Who’s Leading in Biotechnology Investment & Development?
Global biotech financing topped $70bn in 2024, underscoring resilient capital flows into therapeutics, tools, and platforms despite a choppy IPO window. The US remained the largest market for private and public raises, with 28 biotech IPOs globally last year. Biotechgate
On the development side, the United States and China now anchor most late-stage activity. In trials started 2021–2023, the US accounted for 16% and China 13% of all “country-uses” in the global pipeline, reflecting sponsors’ prioritisation of speed, scale, and patient access. In 2024 specifically, Western Europe was the most-utilised region at 28% of global country-uses, though its relative share slipped versus 2019. IQVIA+1
China’s innovation engine has accelerated: the number of “innovative” drugs developed domestically rose from <350 in 2015 to about 1,250 by 2024, surpassing Europe and narrowing the gap with the US—driven by talent repatriation, capital, and regulatory reforms.

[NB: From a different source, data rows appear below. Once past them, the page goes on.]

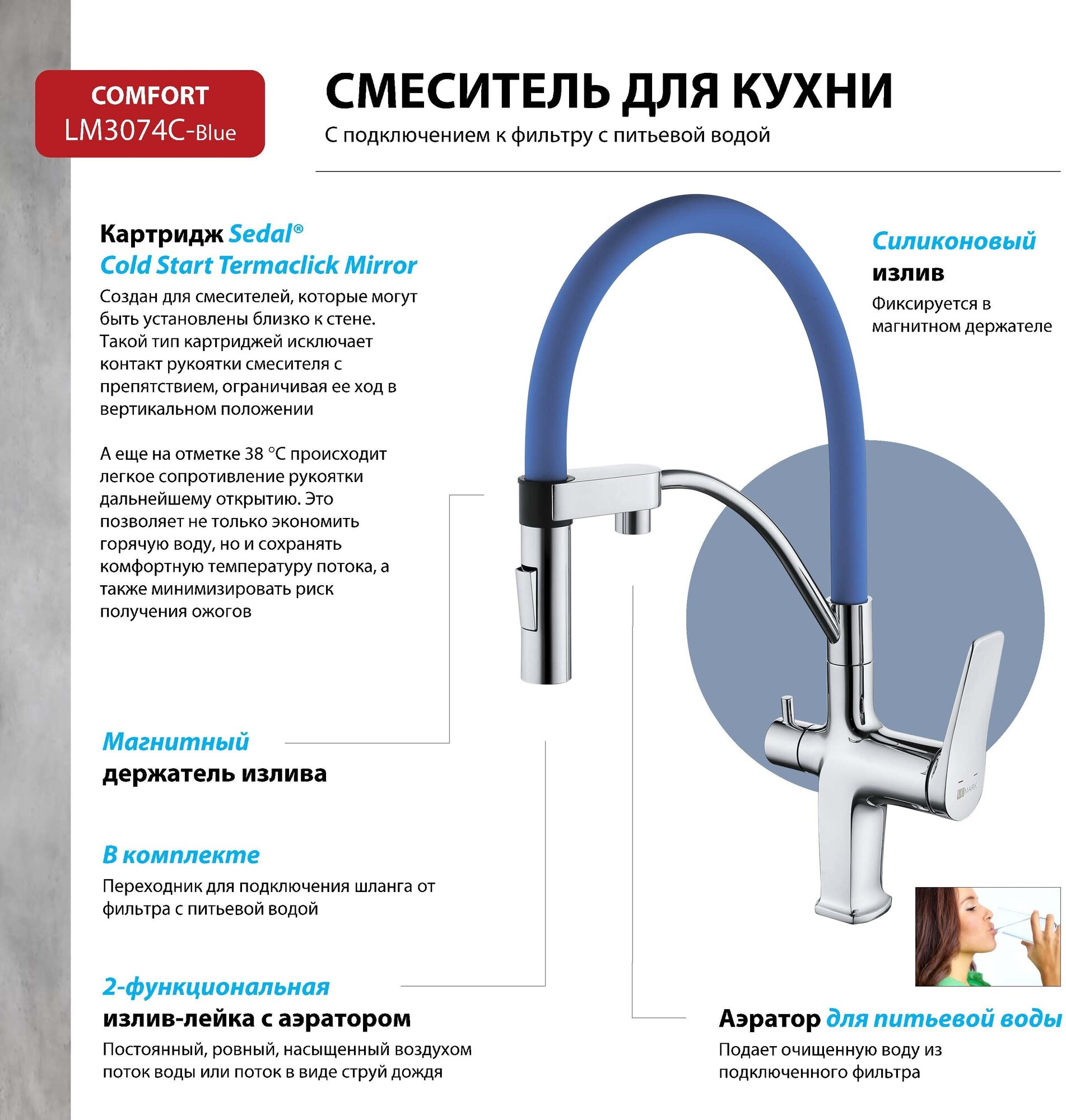 Смеситель для кухни с подключением к фильтру с питьевой водой Lemark Comfort LM3074C-Blue информация: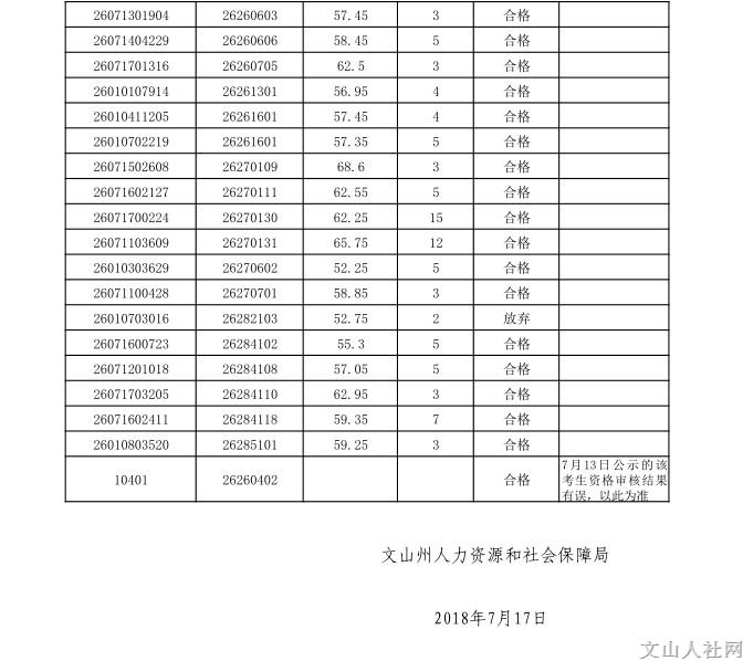 2018年文山州事業(yè)單位招聘工作人員資格復審結果
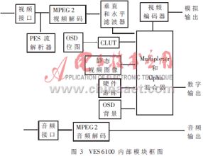 VES6100芯片是一種MPEG2解碼器,其內(nèi)部結(jié)構(gòu)框圖如圖3所示。

Allianz Global Investors
The United Kingdom remains Europe’s funding bellwether. UK life sciences companies raised £2.06bn in VC during 2024, amid ongoing big-pharma capital commitments to manufacturing and R&D hubs. Biotech Finance
Israel continues to lead on research intensity, channeling ~5.4% of GDP into R&D—among the highest in the OECD—supporting a prolific pipeline in diagnostics, platforms, and computational biology. OECD
Switzerland, Germany, and France anchor continental Europe’s industrial base and talent, but sponsors report shifting trial footprints and longer study start-up timelines compared with the US and China—one factor behind Europe’s relative share decline in commercial trials since 2018. EFPIA
Singapore and South Korea continue to punch above their weight. Singapore’s coordinated grants, biomanufacturing capacity, and clinical infrastructure keep it on Asia trial shortlists, while Korea’s CDMO strength and oncology focus make it a preferred site for phase 1–2 work (reflected in steady multi-country trial participation). EFPIA
The scoreboard—2024–2025 signals
Capital: US still #1 by deal volume and dollars; Europe mixed but stabilising; China’s domestic markets reopening to biotech listings. Biotechgate+1
Clinical activity: US & China concentrate most country-uses; Western Europe leads regionally but with a lower share vs. 2019. IQVIA+1
R&D intensity: Israel sets the pace on R&D/GDP. OECD
Innovation output: China’s innovative drug count surges, narrowing with the US. Allianz Global Investors
UK funding: £2.06bn VC in 2024 underpins pipeline continuity. Biotech Finance
Bottom line: The centre of gravity in biotech remains transatlantic, but the US–China axis now drives trial starts and asset flow, while Israel’s R&D intensity and UK financing provide European counterweights. Sponsors optimising speed should blend US/China hubs with selective EU, Singapore, and Korea footprints to balance access, cost, and regulatory risk.